Eigenvalues are a fundamental concept in linear algebra, essential for understanding the properties of matrices. In the context of the given exercise, eigenvalues are the characteristic values of matrix \(A\), where the characteristic polynomial \(f(x)\) is evaluated to zero.

• To find eigenvalues, we calculate \(|A - xI| = 0\), where \(I\) is the identity matrix and \(x\) represents the eigenvalue.
• The roots of this equation are the eigenvalues of the matrix \(A\).

The significance of eigenvalues is vast; they can indicate stability in systems, allow matrix diagonalization, and are used in various applications such as vibrations analysis, control systems, and even Google's PageRank algorithm. Grasping how they are calculated and interpreted gives us powerful insights into the matrix's behavior.

The determinant of a matrix is a unique number that can be calculated from its square matrix. It provides vital information about the matrix, such as invertibility and volume scaling factor.

• In solving for the characteristic polynomial \(f(x)\), the determinant \(|A - xI|\) is computed.
• The condition \(|A - xI| = 0\) is set for finding the eigenvalues, reflecting that the matrix loses invertibility at these points.

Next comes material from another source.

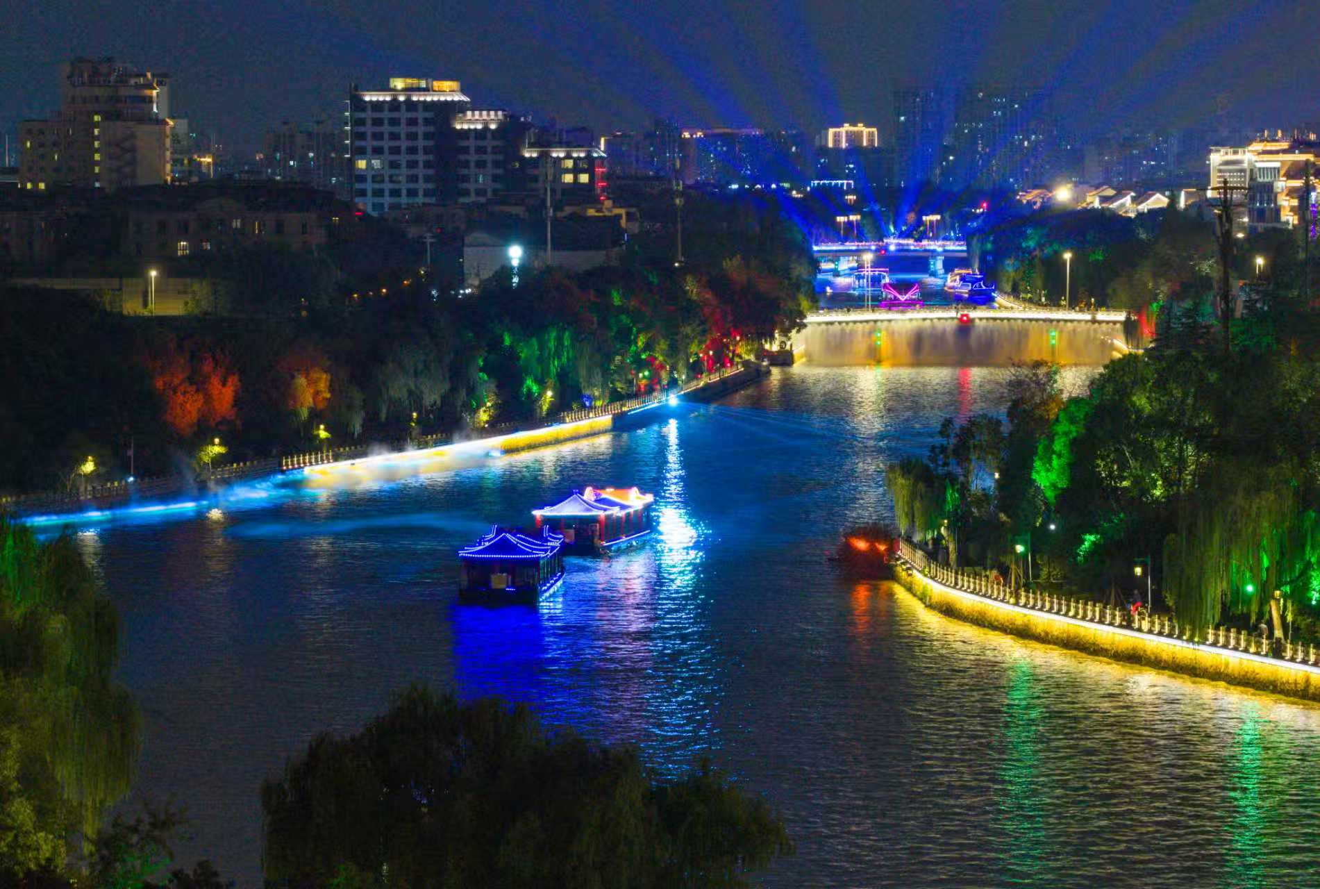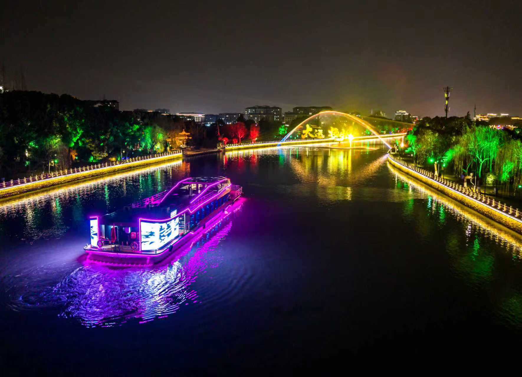 船行至徐凝门桥,全息水幕中浮现出漕运船只往来穿梭的画面,运河水面仿佛泛起千年波澜。项目总导演王公冠介绍,作为全国首创的“行进式游船+岸线光影科技+实景演艺”三位一体项目,“大运扬州”彻底颠覆传统观光模式。定制游船的舒适座椅、清晰音效系统为体验保驾护航;运河两岸,升级后的滨河亮化景观与全息水幕、三维动画、特效装置无缝衔接,5G+北斗技术让声、光、电、水、火实现一键联动,每一秒都有新的视觉惊喜。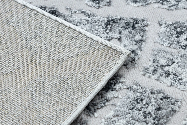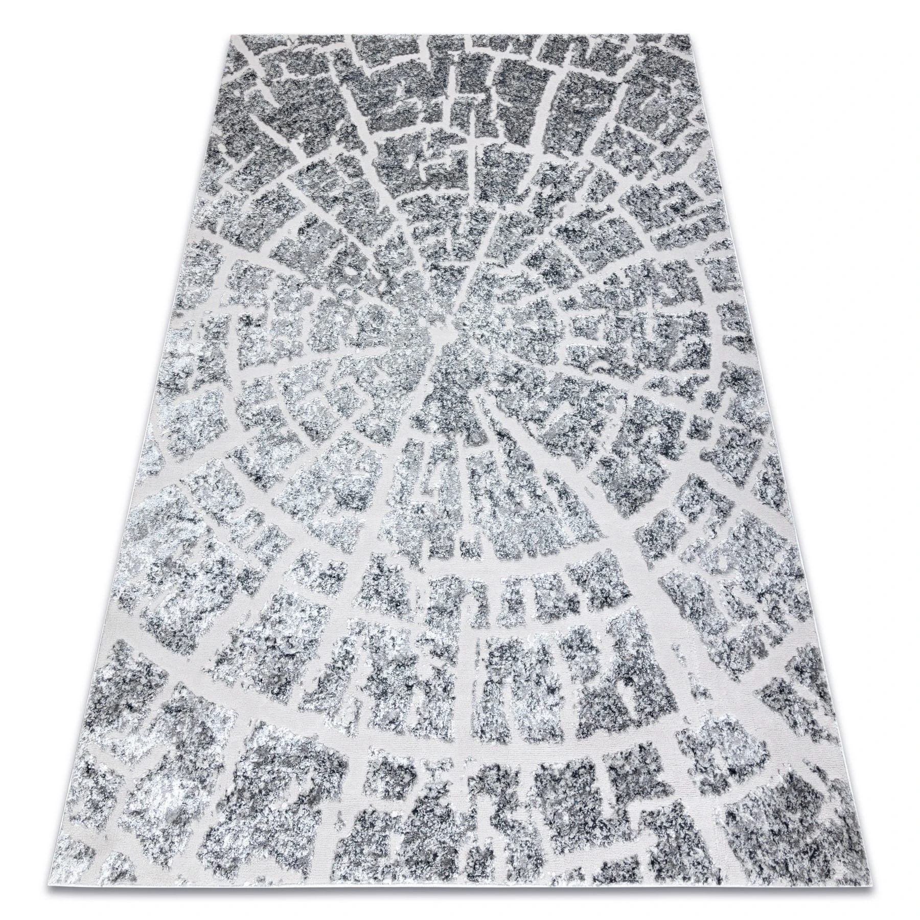 Szary dywan z abstrakcyjnym wzorem, który idealnie sprawdzi się w korytarzu, nadając mu nowoczesny charakter.

Calculating determinants can be tricky, especially for larger matrices, but it's essential for understanding their deeper properties. In practical applications, determinants can also be used in solving systems of linear equations using Cramer's Rule. They also play a crucial role in changing variables in multiple integrals - showing their utility beyond just pure matrices.

Cofactor Expansion is a method used to calculate the determinant of a matrix. It involves expanding the determinant along a row or column, using minors and cofactors.

• For a 3x3 matrix, choosing any row or column allows us to break down the determinant into simpler smaller parts.
• The cofactor expansion employed in the exercise expands along the first row, leading to simpler calculations for \(|A - xI|\).

This method is not only applicable but essential for grasping how determinants work for larger matrices. It simplifies calculations into manageable pieces, and understanding it can be a game-changer in applied mathematics, where large datasets can cause computational strain.

Cubic functions are polynomial equations of degree three, and they exhibit unique properties due to their highest exponent being three. In this exercise, \(f(x) = -x^3 + 2x^2 + 5x - 6\) is a cubic function and represents the characteristic polynomial of the matrix \(A\).

• These functions often have up to three real roots, as highlighted in the roots \(x \approx -3, 1, 2\).
• The graph of a cubic function is a curve that can show different inflection points, crucial for deducing the behavior and intersection with the axes.

Understanding cubic functions and their graphs is instrumental in interpreting the solution to our problem. From physics in understanding movement through a curve to economics in modeling cost functions, cubic functions are a gateway to diverse analytical fields.